Owing to the minute sizes of nanostructures, even minor imperfection in the shape of the end of the nanostructures would result in large variations in the semiconducting properties.
Nanoribbon structure isolated from bulk crystal
In order to address this issue, researchers at the Institute for Functional Nanomaterials (IFN) have come up with a novel idea of looking at some natural structures and their lattices for a solution. The researchers considered antimony selenide and antimony sulphide crystals for the study. The results of their experiments were published in the journal Nanotechnology, which provided an in-depth analysis of the similarity in the atomic structure of the two substances. The structures were made up of nanoribbons 1 nm wide and 0.2 nm thick and were loosely bound to each other.

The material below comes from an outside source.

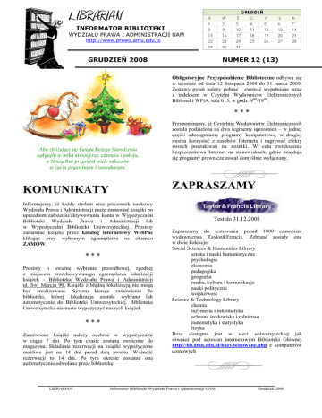 LIBRARIAN INFORMATOR BIBLIOTEKI WYDZIAŁU PRAWA I ADMINISTRACJI UAM http://www.prawo.amu.edu.pl GRUDZIEŃ 2008 NUMER 12 (13) Obligatoryjne Przysposobienie Biblioteczne odbywa się w terminie od dnia 12 listopada 2008 do 31 marca 2009. Zestawy pytań należy pobrać i zwrócić wypełnione wraz z indeksem w Czytelni Wydawnictw Elektronicznych Biblioteki WPiA, sala 015, w godz. 900-1900. *** Aby zbliŜające się Święta BoŜego Narodzenia upłynęły w miłej atmosferze, zdrowiu i pokoju, a Nowy Rok przyniósł wiele sukcesów w Ŝyciu prywatnym i zawodowym. ZAPRASZAMY KOMUNIKATY Informujemy, iż każdy student oraz pracownik naukowy Wydziału Prawa i Administracji może zamawiać książki po uprzednim założeniu/aktywowaniu konta w Wypożyczalni Biblioteki Wydziału Prawa i Administracji lub w Wypożyczalni Biblioteki Uniwersyteckiej. Prosimy zamawiać książki przez katalog internetowy WebPac klikając przy wybranym egzemplarzu na okienko ZAMÓW. *** Prosimy o uważne wybranie prawidłowej, zgodnej z miejscem przechowywanego egzemplarza lokalizacji książek - Biblioteka Wydziału Prawa i Administracji ul. Św. Marcin 90. Książki z błędną lokalizacją nie mogą być zrealizowane. System kieruje zamówienie do biblioteki, której lokalizacja została wybrana lub automatycznie do Biblioteki Uniwersyteckiej. Biblioteka Uniwersytecka nie może wypożyczyć naszych książek *** Zamówione książki należy odebrać w wypożyczalni w ciągu 7 dni. Po tym czasie zostaną zwrócone do magazynu. Składanie rezerwacji na książki wypożyczone możliwe jest na 14 dni przed datą zwrotu. Ważność rezerwacji to 14 dni. Po tym okresie zostanie ona automatycznie odwołana przez bibliotekę. LIBRARIAN Przypominamy, iż Czytelnia Wydawnictw Elektronicznych została podzielona na dwa segmenty uprawnień – w jednej części udostępniamy programy komputerowe, w drugiej można korzystać z zasobów Internetu i nagrywać efekty swoich poszukiwań na nośniki. W celu zwiększenia bezpieczeństwa Internet na stanowiskach, gdzie znajdują się programy prawnicze został domyślnie wyłączony. Test do 31.12.2008 Zapraszamy do testowania ponad 1000 czasopism wydawnictwa Taylor&Francis. Zebrane zostały one w dwie kolekcje: Social Sciences & Humanities Library sztuka i nauki humanistyczne psychologia ekonomia pedagogika geografia media, kultura i komunikacja nauki polityczne wojskowość Science & Technology Library chemia inżynieria i informatyka ochrona środowiska i rolnictwo matematyka i statystyka fizyka Baza dostępna jest w sieci uniwersyteckiej jak również pod adresem internetowym Biblioteki Głównej http://lib.amu.edu.pl/bazy/testowane.php z komputerów domowych Informator Biblioteki Wydziału Prawa i Administracji UAM Grudzień 2008 RA 109526, RA 109527, RA 109528 NOWOŚCI Przedstawiamy listę nowości nabytych przez Bibliotekę Wydziału Prawa i Administracji UAM w listopadzie. Pełna lista dostępna jest na stronie internetowej Biblioteki, w Czytelni Książek oraz w gablocie BWPiA. KSIĄŻKI Ustawa o przeciwdziałaniu nieuczciwym praktykom rynkowym : komentarz / Małgorzata Sieradzka. Warszawa : 2008 - Stan prawny na 30 września 2008 r RA 109529 When worlds collide : intellectual property high technology and the law / ed. by Maciej Barczewski, Michał Miłosz, Richard Warner. Warszawa : 2008 RA 109530, RA 109531, RA 109532 Odpowiedzialność za nieprzestrzeganie procedury tworzenia i wykonywania budżetu jednostki samorządu terytorialnego / Joanna M. Salachna. Warszawa : 2008 Stan prawny na 30 czerwca 2008 r RA 109533, RA 109534 RA 109480, RA 109481, RA 109482, RA 109483 Podstawy prawa karnego międzynarodowego / Michał Królikowski, Paweł Wiliński, Jacek Izydorczyk. Warszawa : 2008 RA 109486, RA 109487, RA 109488 Prawo autorskie i prawa pokrewne / wprow. Janusz Barta, Ryszard Markiewicz. Warszawa : 2008 - 4. wyd., stan prawny na 26 września 2008 r Abolicja podatkowa : komentarz / Adam Bartosiewicz, Ryszard Kubacki. Warszawa : 2008 - Stan prawny na 1 października 2008 r RA 109537, RA 109538, RA 109539 Wspólnotowe i polskie publiczne prawo gospodarcze. T. 2, Prawo bankowe, obrót instrumentami finansowymi, fundusze inwestycyjne, ochrona konkurencji / Marian Zdyb. Warszawa : 2008 - Stan prawny na 1 października 2008 r RA 109540 RA 109489, RA 109490, RA 109491, RA 109492, RA 109493, RA 109494, RA 109495, RA 109496 Sztuka twórczego myślenia : źródła innowacji i świetnych pomysłów / John Adair ; przeł. Dorota Wasik. Kraków : 2008 Kodeks karny : część szczególna : komentarz. T. 3, Komentarz do art. 278-363 K. K. / Andrzej Zoll red. ; [aut.] Agnieszka Barczak-Oplustil [et al.]. Warszawa : 2008 Wyd.3, stan prawny na 31 lipca 2008 r RA 109541, RA 109542 RA 109497, RA 109498, RA 109499 RA 109547 Czynności notarialne w prawie spółek / Rafał Wrzecionek. Warszawa : 2008 - Stan prawny na 2 listopada 2008 r Polityka społeczna jako zaspokajanie istotnych potrzeb społecznych / Marek Bednarz. Bydgoszcz : 2008 RA 109500, RA 109501, RA 109502 RA 109548 Strona jako podmiot oświadczeń procesowych w postępowaniu administracyjnym / Zbigniew R. Kmiecik. Warszawa : 2008 Model systemu społecznego a problemy zarządzania / Tadeusz Chudoba. Warszawa : 2008 RA 109503, RA 109504, RA 109505, RA 109506 Historia finansów współczesnego świata : od 1900 roku / Wojciech Morawski. Warszawa : 2008 Aspekt prawotwórczy sądownictwa administracyjnego / Andrzej Gomułowicz. Warszawa : cop. 2008 RA 109507, RA 109508, RA 109509 Prawo pomocy społecznej / Iwona Sierpowska. Warszawa : 2008 - 3. wyd., stan prawny na 1 września 2008 r Czas a trwanie idei politycznych i prawnych / red. Krystyna Chojnicka, Anna Citkowska-Kimla, Wiesław KozubCiembroniewicz. Warszawa : 2008 RA 109549 RA 109550 Innowacje w firmie : praktyczne metody wprowadzania zmian / Jan D. Antoszkiewicz. Warszawa : 2008 RA 109551 Doradca podatkowy : jak z sukcesem prowadzić kancelarie, biuro rachunkowe / Mariusz Gotowicz.

The research team then isolated the ribbons and studied them in-detail and made calculations of their stability. The report concluded that the structure of the nanoribbons exhibited a nearly perfect surface as there were no dangling bonds present. The energy gap between the ribbons was well defined, the value for antimony selenide was 1.66 eV and for antimony sulphide it was 2.16 eV. The study also revealed that the two crystals could be interfaced to build ribbons that form a semiconducting heterostructure of perfect sub-10 nm. The valance band exhibited graded straddling type behaviour, whereas the conduction band presented an abrupt straddling type of behaviour. Hence, intrinsic electrons and holes migrate from antimony selenide to the interface giving rise to a modulated charge distribution which is in equilibrium along the length of the heterostructure.